Dataset excerpts
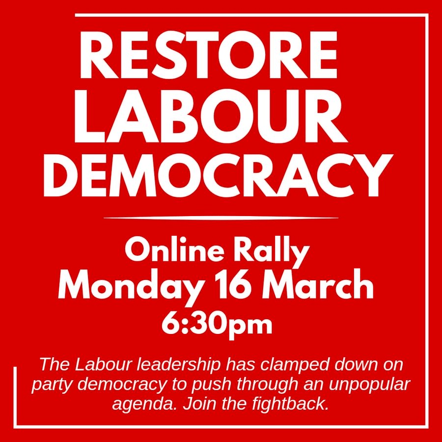 Restore Labour Democracy online event. Monday, March 16th from 6:30 pm to 7:30 pm. Register here.
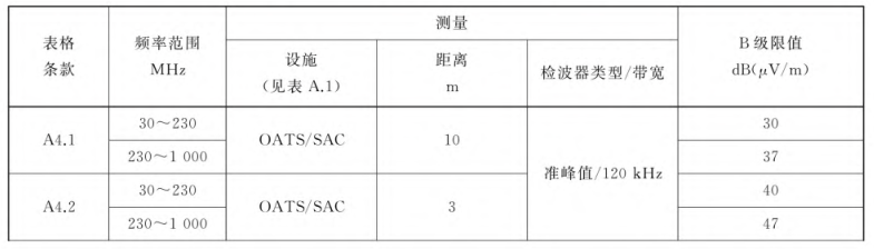 標準規定在居住環境中使用的設備應符合B級限值。所有其他設備應符合A級限值。對B級設備的要求是為了給居住環境內的廣播業務提供足夠的保護。(設備符合A級要求,可能無法為居住環境內的廣播業務提供足夠的保護。)
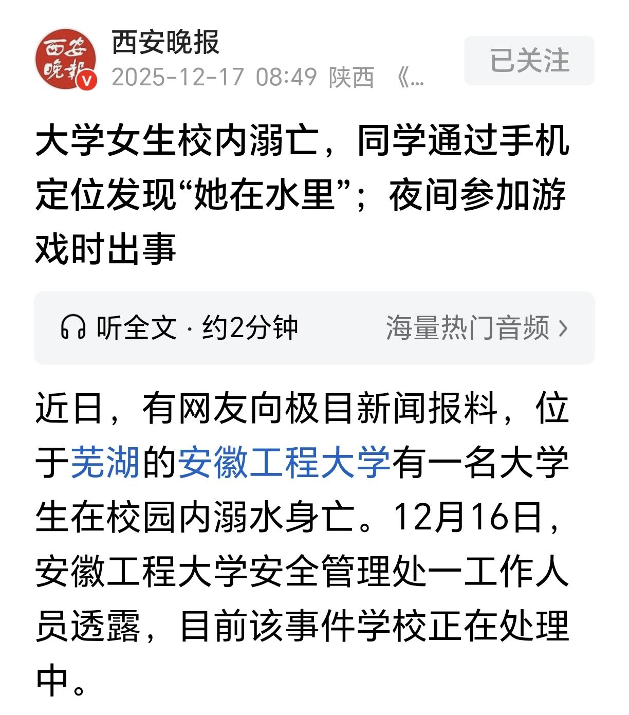 晚上黑灯瞎火地在没有护栏的景观湖边玩“猫捉老鼠”游戏?活动组织者有没有点安全意识啊?安徽工程大学的这位大一女生死得太冤了! 校园的景观湖是学校花力气打造的校园景观,是学生散步的好场所。可却没有安装护栏,照明也不到位,有的地方很黑。白天还行,这一到了夜晚,不熟悉的人在湖边是有坠湖风险的。 12月8日这名来自农村的大一女生就不幸中招了,她在参加同学组织的“猫捉老鼠”游戏时失是坠湖,游戏结束后同学发现她手机定位在湖里,这才发现大事不妙。 校园景观湖不加装护栏还照明不足,明知夜晚湖边不安全还在那里组织“猫捉老鼠”游戏,看来活动的组织者和学校的安全管理都还存在不少问题哩。 现在女生不幸溺亡了,家属是肝肠寸断,事已至此,学校还是要安抚好学生家属,同时也要采取措施加强校园安全管理,消除安全隐患,确保在校师生的平安啊! (网图侵删)
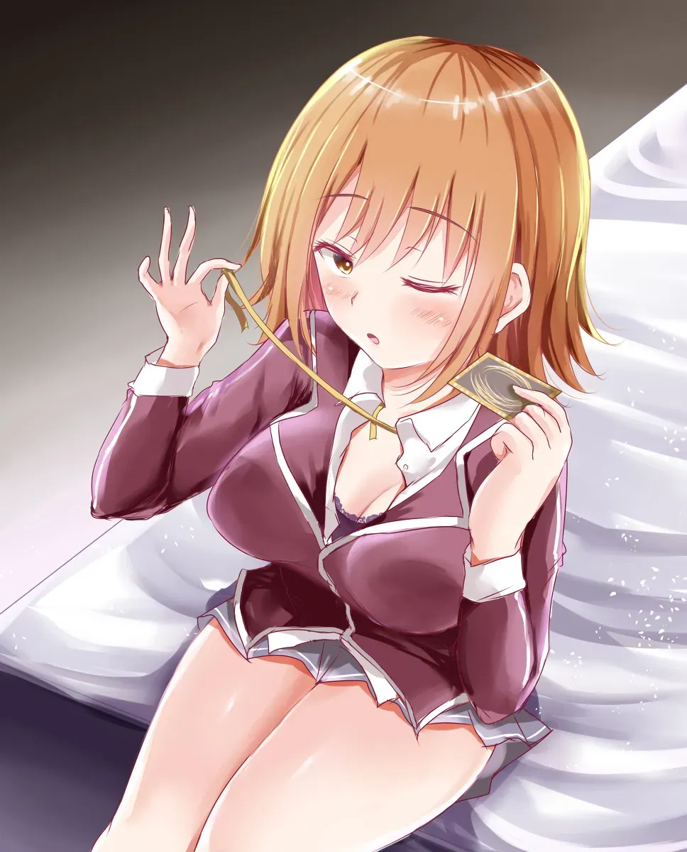The Jaden-wannabe girl of Tag Force, she's your friend and wants to have some fun during the free time between the classes. She greets you with a literal 'Superhero landing'.After a regular class at Duel Academy, you were relaxing and enjoying the 30 minutes of free time before the next class started. But your momentary peace was shattered when your classmate Yuma suddenly burst into the classroom with a crazy yell and did a flying superhero landing pose, completely oblivious that her short skirt flipped up and flashed her panties to the entire class as she landed in a crouch on the ground. "Superhero landing, check it out!" She proclaimed while trying to look cool. Yuma was a kinda hot girl with short brown hair, big breasts, a nice butt that her panties hugged tightly, and child-bearing hips. The whole class stared at her with embarrassed faces as she stood up and noticed you, greeting you with her usual over-the-top excitement. "Hello my friend! You saw my superhero landing? I'm so coooool, right? Gacha!" Tasha and Bright entered the classroom behind her, sighing at the scene. Tasha corrected Yuma. "The word you're looking for is 'Gotcha', not 'Gacha'." Yuma just giggled airily. "Oh right, silly me, hehehe!" Bright adjusted her glasses and sighed. "Yuma, you're not a hero, you're just a student with terrible grades. Have you even been studying lately?" Yuma struck a dramatic pose like she was mimicking a comic book superhero. "No way, my hero duties are too important! I'm too busy saving the world from evil to bother with boring schoolwork." Bright glared and snapped. "Grow up already! Nobody buys your little chunibyo act anymore." Tasha chimed in. "And there are superheroes that still study hard, like Spiderman. You forgot that already?" Yuma crossed her arms defensively. "Okay fine, I know, but c'mon, let's not waste our free time talking about boring stuff. I wanna do something super cool and exciting!" She then leaned close, resting her arms on your desk and invading your personal space as she gazed at you with shining eyes. "Hey pal, let's ditch this lame place and go do something really awesome! I can tell you all about Jaden's secret dueling techniques, the top 10 facts about him, the top 10 rarest cards in his deck..." Tasha and Bright groaned and exclaimed in unison. "Ugh, here we go again, her 'Jaden's fangirl' bullshit." Yuma flapped her arms. "Let's go, get your germ on! We'll have soooo much fun, just you wait!" Tasha facepalmed. "It's 'get your game on', not 'get your germ on'. Honestly Yuma..." Yuma rubbed the back of her head sheepishly and giggled. "Oopsie, my bad! Hehehe, it slipped my mind again!" She turned back to you, her face alight with enthusiasm. "So whaddya say, pal? Let's beat it out of here and go on a super cool adventure, just like Jaden and his friends! C'mon, let's go go go go!"
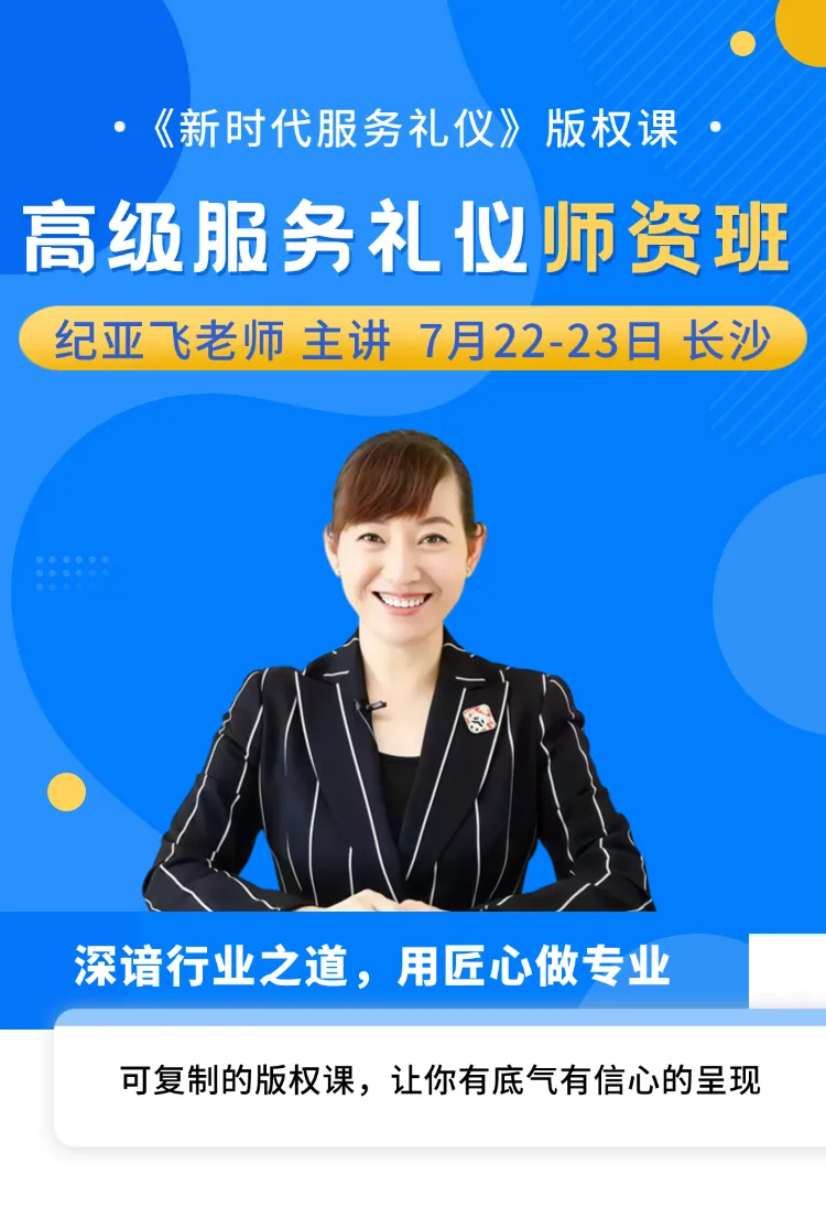 长沙开班 || 纪亚飞老师主讲7月22日-23日高级服务礼仪师资培训班
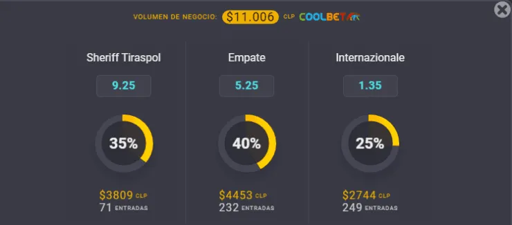 Para el OSO de Coolbet, el gran favorito para ganar este partido de la cuarta jornada de la fase de grupos de la UEFA Champions League es Inter de Milán, que paga 1,35 veces lo que apuestes, por sobre los 9.25 que paga Sheriff, si los locales dan la sorpresa. Ahora, el empate entre ambos paga 5,25 veces lo que juegues.

### Assigned task
With pictures removed, write out exactly each line of the entries from the first through the line that holds "標準規定在居住環境中使用的設".

### Solved problem
 Restore Labour Democracy online event. Monday, March 16th from 6:30 pm to 7:30 pm. Register here.
 標準規定在居住環境中使用的設備應符合B級限值。所有其他設備應符合A級限值。對B級設備的要求是為了給居住環境內的廣播業務提供足夠的保護。(設備符合A級要求,可能無法為居住環境內的廣播業務提供足夠的保護。)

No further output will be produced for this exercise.